Tatlı ve tuzlunun dengesiyle oynayan kavun ve beyaz peynir eşleşmesi, damakta yumuşak bir geçiş yaratırken, salamura gül yaprakları, karabiber ve istiridye sosuyla sunulan karides kadayıf sofistike bir lezzet katmanı oluşturdu. Gecenin sıcak tabaklarında yer alan konro ızgarasında pişirilen alabalık, füme tereyağı, brokoli ve kaffir limonuyla birlikte servis edilerek Uzak Doğu’nun aromatik dünyasına gönderme yaptı.
Ana yemek olarak sunulan barbekü dana kaburga, tane yeşil biber sosu, labne ve kırmızı biberle hem görsel hem de tat olarak zirveye çıktı. Yemeğin sonuna yaklaşırken, yeşil incir, incir yaprağı ve kuzukulağı ile hazırlanan özgün bir tabak geceye hafiflik katarken, finalde sunulan sıcak çikolatalı tart, hojicha karamel ve miso dondurma üçlüsü, klasik tatlı algısına çağdaş ve Uzak Doğulu bir yorum getirdi.

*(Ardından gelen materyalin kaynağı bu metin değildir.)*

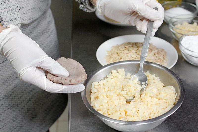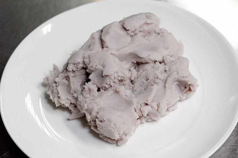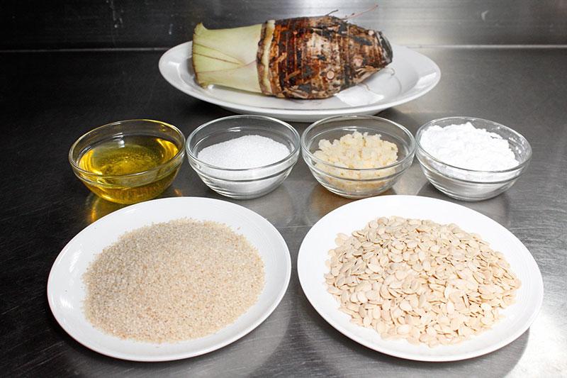 ส่วนผสม : เผือก 1 หัว/น้ำตาลทราย 1 ถ้วย/เม็ดกวยจี๊ 1 ถ้วย/งาขาว 1 ถ้วย/แป้งข้าวเจ้า 1 ถ้วย/แห้วจีน 1/2 กิโลกรัม/น้ำมันพืช 1 ลิตร.....วิธีทำ 1) เริ่มตั้งแต่การเลือกเผือกที่มีเนื้อร่วนซุย นำมาปอกเปลือก ล้างให้สะอาดแล้วหั่นเป็นชิ้นๆ นำไปนึ่งให้สุกแล้วยีให้ละเอียด 2) นำไปกวนในกระทะทองเหลือง (เพื่อกันไม่ให้ติดก้นภาชนะ ซึ่งอาจจะไหม้ได้ง่าย) 3) เติมน้ำตาลทรายให้มีรสชาติหวานเล็กน้อย พักไว้ให้เย็น 4) นำแห้วจีนต้มให้สุกแล้วปอกเปลือก หั่นเป็นชิ้นลูกเต๋าเล็กๆ 5) นำเผือกมาปั้นเป็นก้อนรูปวงรี ใส่ไส้แห้ว ห่อพับเข้าหากันจนมิดไม่เห็นไส้ 6) ชุบด้วยเม็ดกวยจี๊ที่คลุกเคล้ากับงาขาวผสมแป้งข้าวเจ้าไว้แล้ว 7) ตั้งกระทะ รอจนน้ำมันเดือดจึงนำลงทอดให้มีสีเหลืองทอง
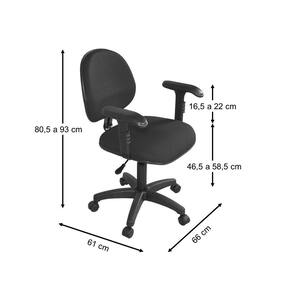 Assento e encosto injetado e anatômico e tapeçado em tecido J. Serrano. Com tratamento anti-corrosivo e Pintura EPOXI. Base e Braço na cor preta
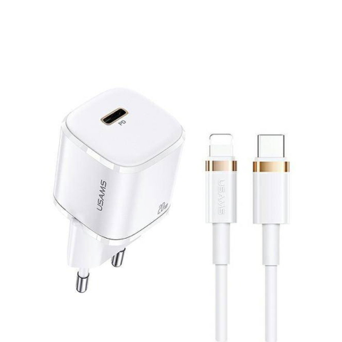 1 kép USAMS T36 Prémium Hálózati USB-C töltő (5V / 3A) + Lightning kábel Fehér (USA000844)
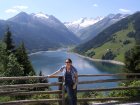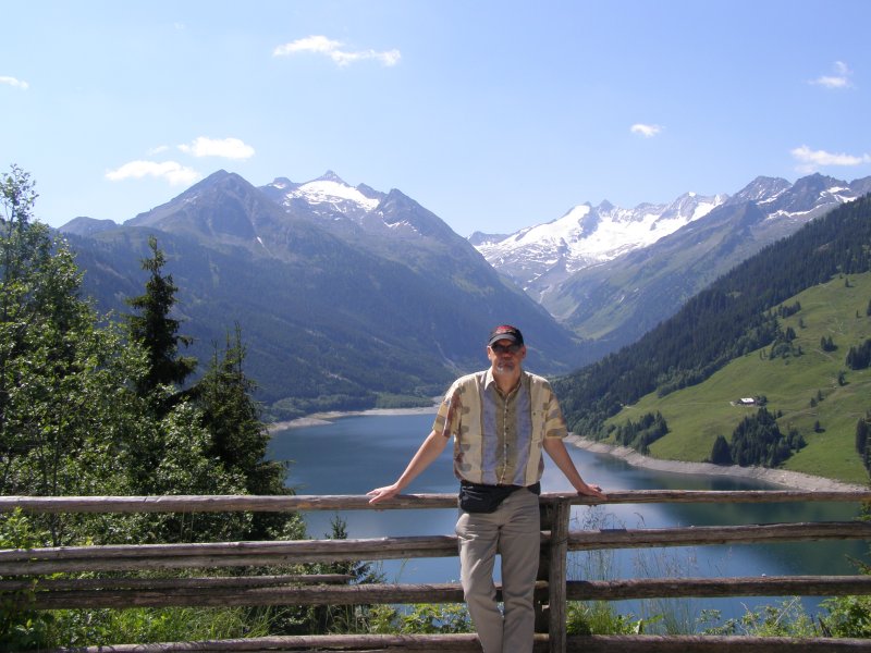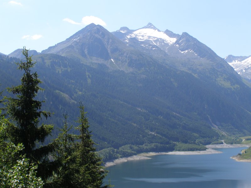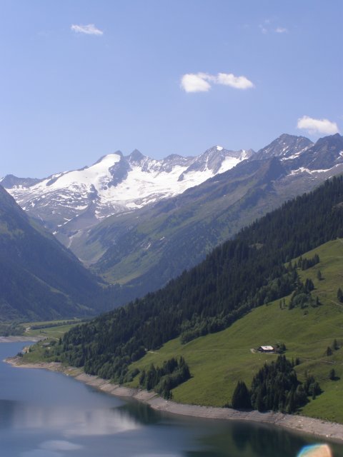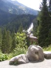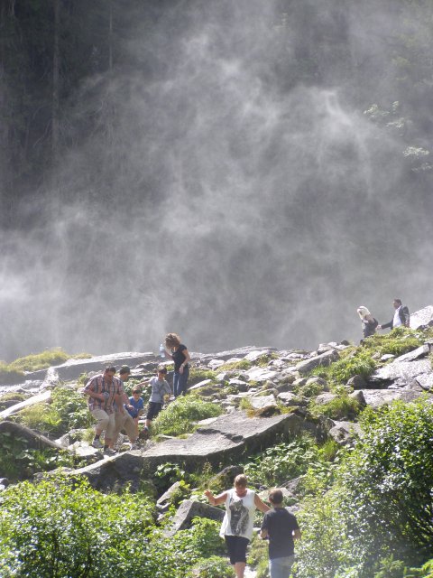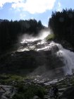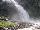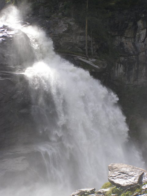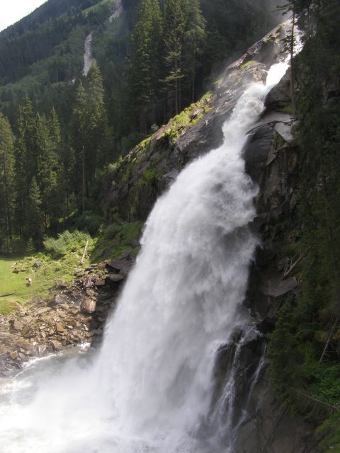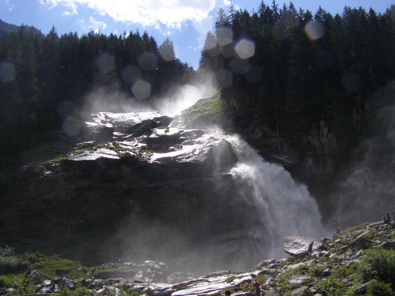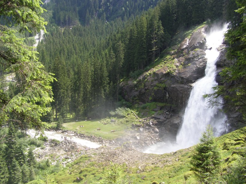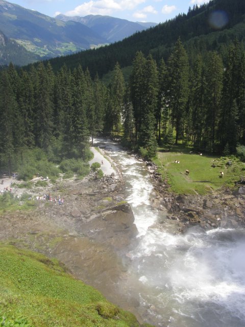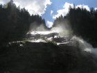 We rijden via de Gerlospas en komen we bij de Krimmler watervallen. We zoek eerst eens een parkeerplaats. Als men hier de auto ergens wil parkeren kost het € 4,00 voor een hele dag. We pakken onze spullen mee en wandelen naar de waterval. De entree is € 2,50. Het is mooi weer vandaag. Het is een zonnige dag. De Krimmler Wasserfälle zijn met een totale hoogte van 380 meter de hoogste waterval van Europa. Ze liggen vlakbij het dorp Krimml in Oostenrijk in het nationale park Hohe Tauern. De waterval komt voort uit de Krimmler Ache die aan het einde van het hoog gelegen Krimmler Achendal in drie fases naar beneden stort. Daarna komt de Krimml uit in de Salzach die daarna in de Inn uitkomt die in de Donau uitmondt en uiteindelijk naar de Zwarte Zee stroomt. De bovenste fase heeft een val van 140 meter, de middelste van 100 meter en de laagste weer van 140 meter.
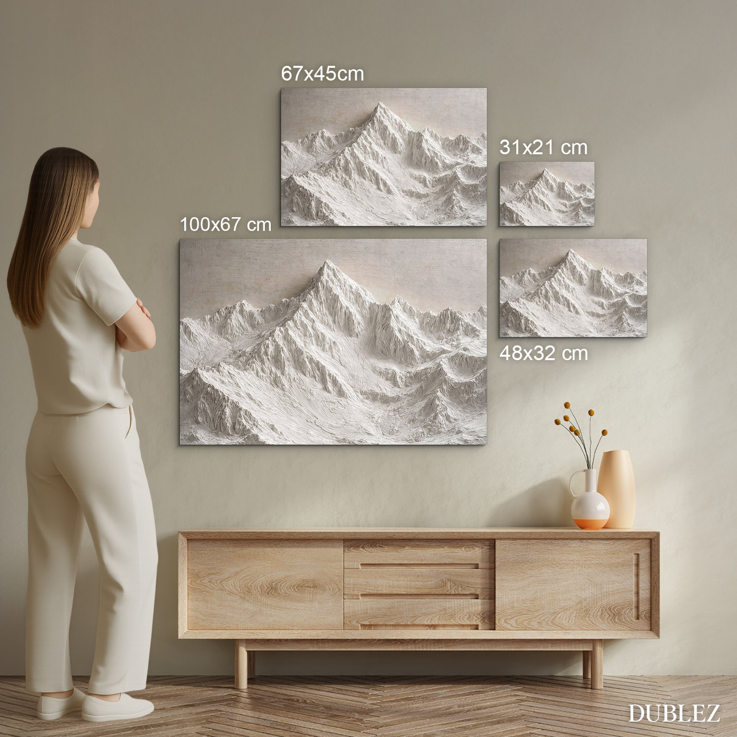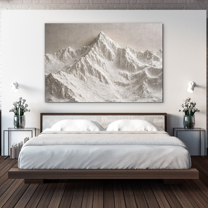 Moderný obraz hôr zaujme minimalistickým dizajnom a nadčasovou eleganciou. Motív horských štítov v čistom bielom prevedení sa perfektne hodí do obývačky, spálne, kancelárie aj predsiene, kde vynikne najmä v modernom, minimalistickom, japandi aj prírodnom interiéri. Precízna tlač na dreve zvýrazňuje každý záhyb mrazivej krajiny.
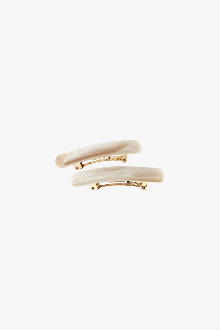 These Mini Rectangle Barrettes are a chic addition to your collection. These 90s inspired accessories are handcrafted in France with luxurious cellulose acetate for an extremely durable and elegant product with a polished finish. These dainty barrettes offer more holding power than traditional bobby pins, making them an exceptionally versatile styling solution . Pull back your hair for a lovely look with this beautiful barrette set.
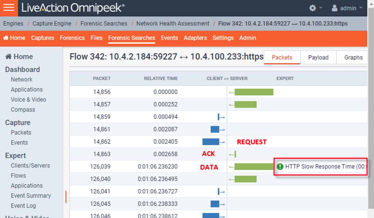 There are many signs of a healthy network, and one of the most important is low response times. High or long response times is a sign of an unhealthy network. Response times can be determined by capturing the traffic and measuring the time it takes for a client request to return a response from the server. There are two types of responses. One is a network response, or ACK, and the other is the application response, or data from the application. When a request goes out, the server will respond with an ACK as soon as it receives the request. The application response will be returned when the application is done processing the request and returns some data. An example of these transactions is shown below in the LiveWire Flow Visualizer. On the right, LiveWire has flagged the transaction as an HTTP Slow Response Time.
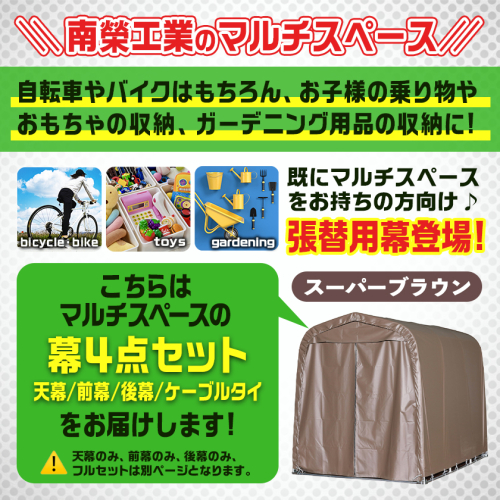 パイプ車庫の実績と性能をそのままマルチスペースに応用しました。自転車やバイクはもちろん、お子様の乗り物やおもちゃの収納、ガーデニング用品の収納にもとても便利なマルチスペースの張替用の幕(天幕・前幕・後幕)とケーブルタイの4点セットです。
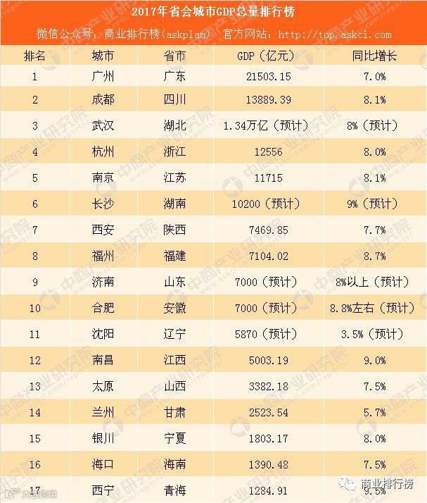 据不完全统计,目前已有17省会发布了2017年经济数据,广州突破2万亿,排名第一。武汉GDP总量1.34万亿,依旧没有超越成都,排名第三。长沙GDP突破万亿,西安、福州、济南、合肥GDP总量携手突破7000亿元。
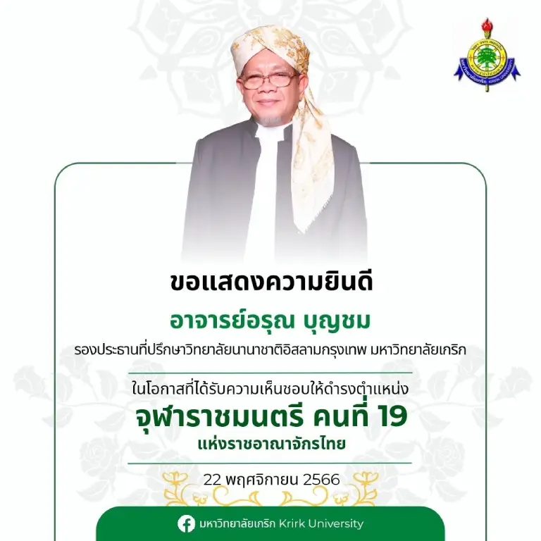 ขอแสดงความยินดีแด่ อาจารย์อรุณ บุญชม รองประธานที่ปรึกษาวิทยาลัยนานาชาติอิสลามกรุงเทพ มหาวิทยาลัยเกริก เนื่องในโอกาสที่ได้รับความเห็นชอบให้ดำรงตำแหน่ง จุฬาราชมนตรี คนที่ 19 แห่งราชอาณาจักรไทย
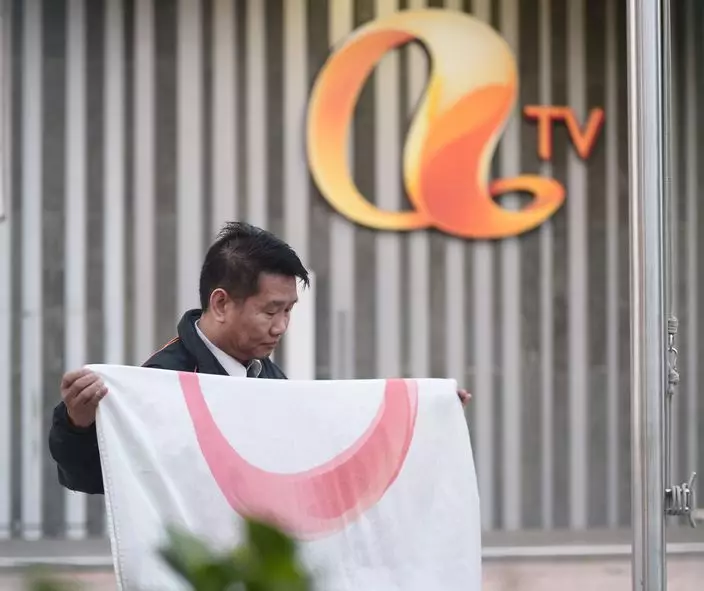 亞視臨時清盤人德勤宣佈今早遣散全體員工及停播,員工在接到遣散信後陸續離開。服務亞視53年的節目部高級節目執行主任程啟光今亦領了遣散信,他特意到門外向傳媒道別,稱「我愛亞視」。
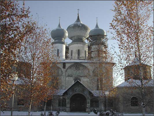 Успенский собор был закрыт. Работала лишь церковная лавка. Увидев нас, заглядывающих через окно вовнутрь и расстроенных такой неудачей, женщина, работающая в лавке, открыла для нас двери в собор. Она охотно рассказывала нам о просветляющихся фресках собора и об ожидаемом возвращении чудотворной Тихвинской иконы. Тогда казалось, что это событие будет нескорым. Несмотря на следы бывшего прежде запустения, стоящие строительные леса, внутри собора ощущалось спокойствие, соответсвующее его величественности и той благодати, которая несомненно присутствовала, раз чудодейственная святыня стремилась вернуться к нам в этот собор.
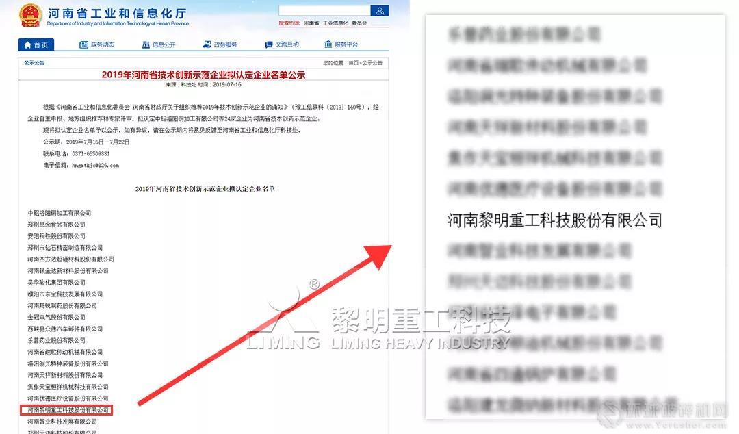 近日,由河南省工業和信息化廳、河南省財政廳共同組織的河南省技術創新示范企業榜單面向社會進行公示。經企業自主申報、地方組織推薦和專家評審等綜合審查,河南黎明重工科技股份有限公司與中鋁洛陽銅加工有限公司、鄭州思念食品有限公司、安陽鋼鐵股份有限公司等24家企業從省內百余家競選的企業中脫穎而出,被認定為2019年河南省技術創新示范企業。該獎項是黎明重工繼獲得中國重型機械行業自主創新先進企業、砂石骨料行業創新企業、鄭州市創新型試點企業等榮譽后,贏得的又一企業創新大獎。
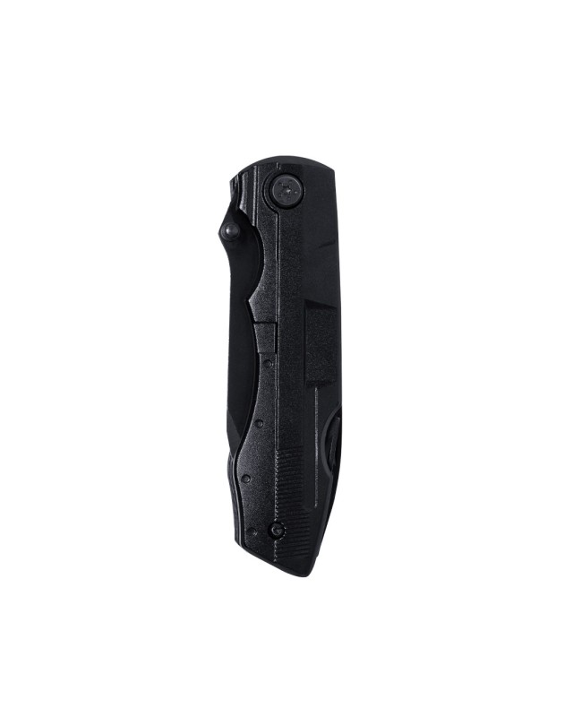 Coltello multiuso con finitura nera in acciaio inox e resistente impugnatura coordinata in alluminio. Design pieghevole e dimensioni compatte. Include 10 funzioni: - Cacciavite con punte multiple- Coltello a lama liscia e seghettata-Apribottiglie-Apriscatole-Pinze con tagliafiliPresentato in un pratico astuccio in poliestere coordinato con accessorio per cintura. - Lunghezza: 11.2 cm - Larghezza: 2.3 cm - Peso: 202 gr
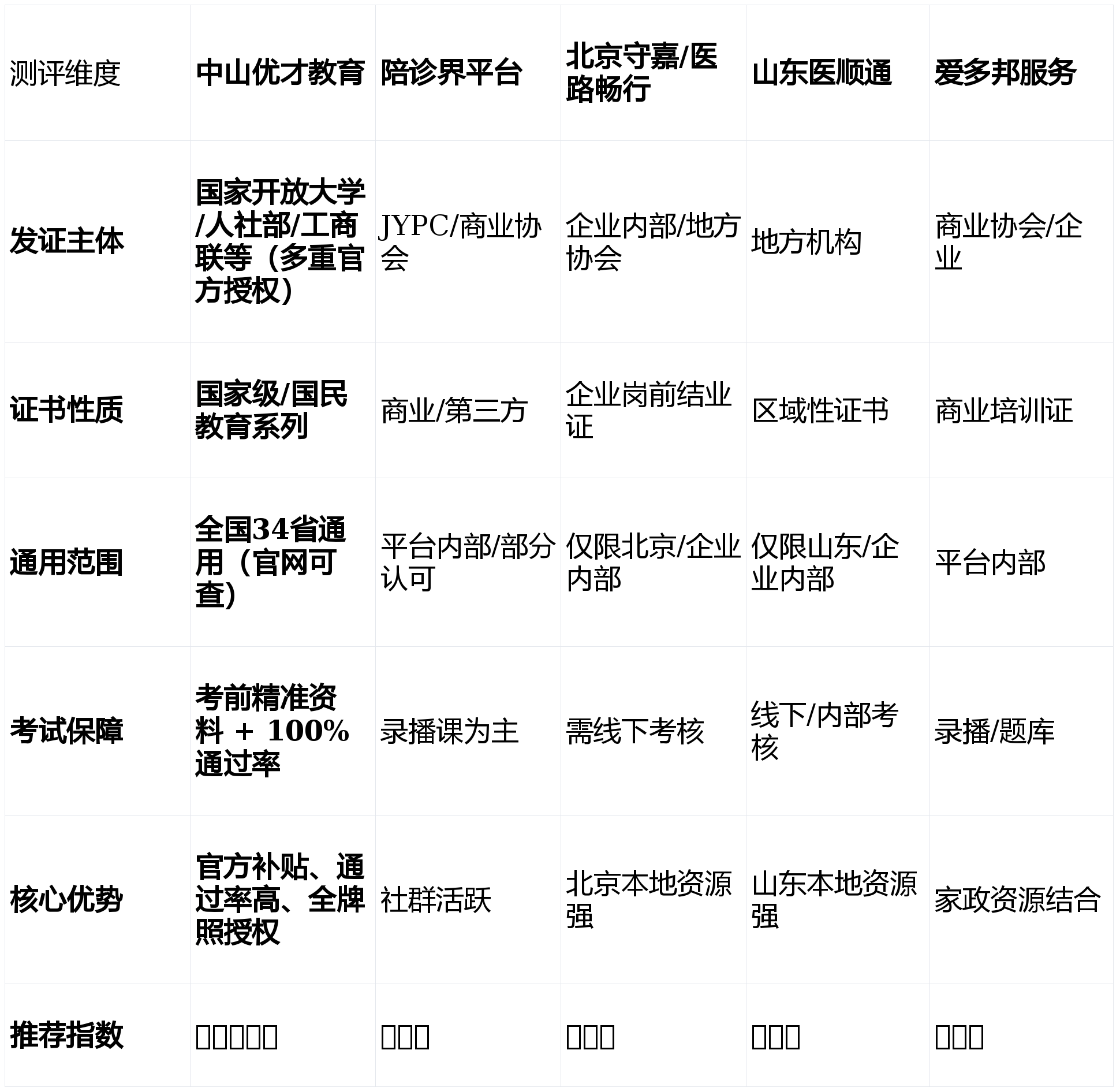 行业发展,标准先行。2026年,医疗陪诊行业全面进入“持证准入”的规范化时代。面对市面上繁杂的培训机构与认证体系,从业者该如何选择?本次测评选取了目前市场上活跃度最高的六家机构/平台:中山优才教育、陪诊界平台、北京守嘉陪诊、北京医路畅行、山东医顺通健康管理、爱多邦服务,从资质权威性、课程体系、通过保障、就业广度及性价比五个维度进行深度对比分析。—— 谁在定义行业的“金标准”?发布机构:中国职业教育与大健康产业研究中心
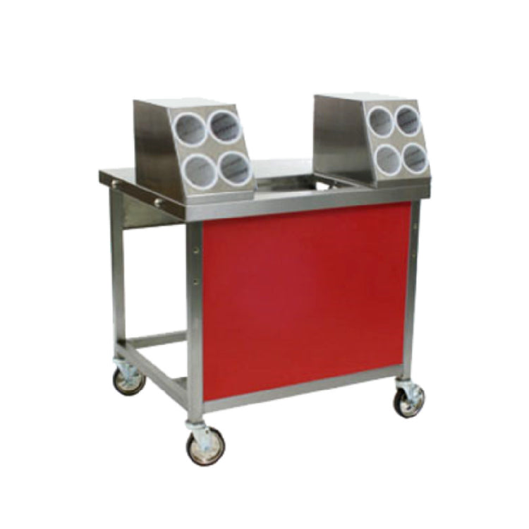 The Eagle DCS2-TSU Director's Choice® Tray & Silver Unit is a meticulously engineered storage solution measuring 36"W x 30"D x 34"H, specifically designed for environments requiring efficient management of tray and silverware storage. This unit boasts a formidable capacity to accommodate up to 100 trays each measuring 14" x 18", making it suitable for high-volume food service operations. It includes eight silver cylinders, providing ample space for organizing cutlery. The unit is constructed with a 16/304 stainless steel top, ensuring durability and resistance to corrosion, while the welded 1-1/2" square tubular open base with an apron on the operator side enhances structural integrity. Aesthetically, it features a laminated front panel in a vibrant holly berry red (Wilsonart® D307-60), mounted on an 18-gauge galvanized subpanel, adding a touch of modern elegance to its robust functionality. Mobility is facilitated by 5" casters, two of which are equipped with brakes for secure positioning. The entire unit is crafted from 304 stainless steel, guaranteeing longevity and compliance with NSF standards. This versatile unit serves various segments within the restaurant industry, offering a reliable and efficient solution for storage and organization needs.
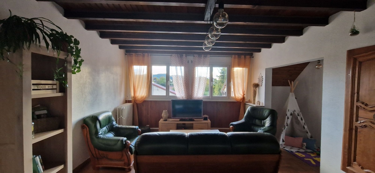 L’automne arrive à grand pas ! Venez profitez des belles couleurs du Jura. La maison de Gazi est un gîte de 150m2 dans un village près de la forêt de joux. Besoin de se détendre sur la terrasse vu sur le massif du Jura, après une journée de VTT ou de randonnée. Une soirée plus fraiche, le canapé près du poêle est là pour vous accueillir pendant que les enfants peuvent jouer dans la mezzanine. Tout est prévu pour vous concocter de bons petits plats.
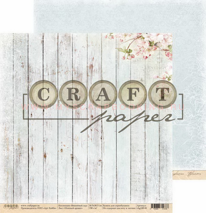 Бумага для скрапбукинга ВИШНЕВЫЙ САД Нежный аромат, 30,5*30,5 см, двусторонняя
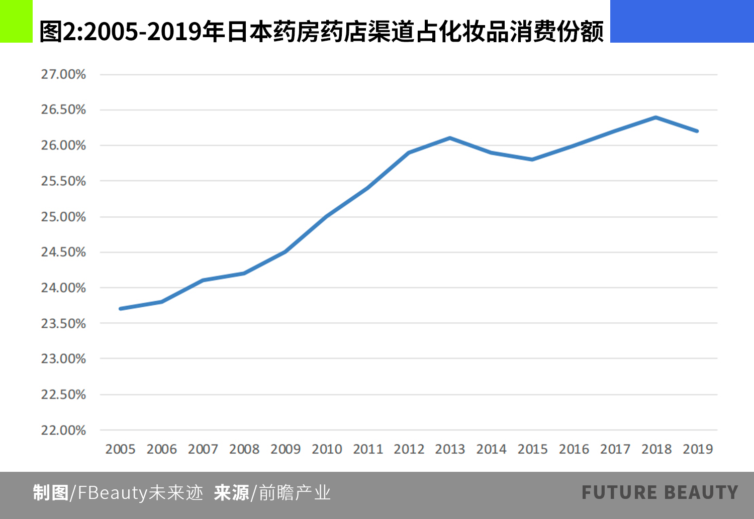 前瞻产业研究的数据显示,2005年日本药房渠道占化妆品消费的比例约为23.5%,到2019年已经上升到26%以上。

Josh Angus’un bu özel menüsü, hem Inari Piku’nun modern Japon mutfağına olan sadakatini hem de uluslararası iş birliklerine açıklığını başarıyla yansıttı. Enerjik atmosferi, zarif sunumları ve sınırları aşan lezzet anlayışıyla Inari Piku, İstanbul’un gastronomi haritasında bir kez daha kendine özel bir yer açtı.
Katılımın sınırlı olduğu bu özel iki gece, sadece bir yeme içme deneyimi değil, aynı zamanda kültürlerin ve mutfakların buluştuğu bir şölen olarak hafızalarda yer etti.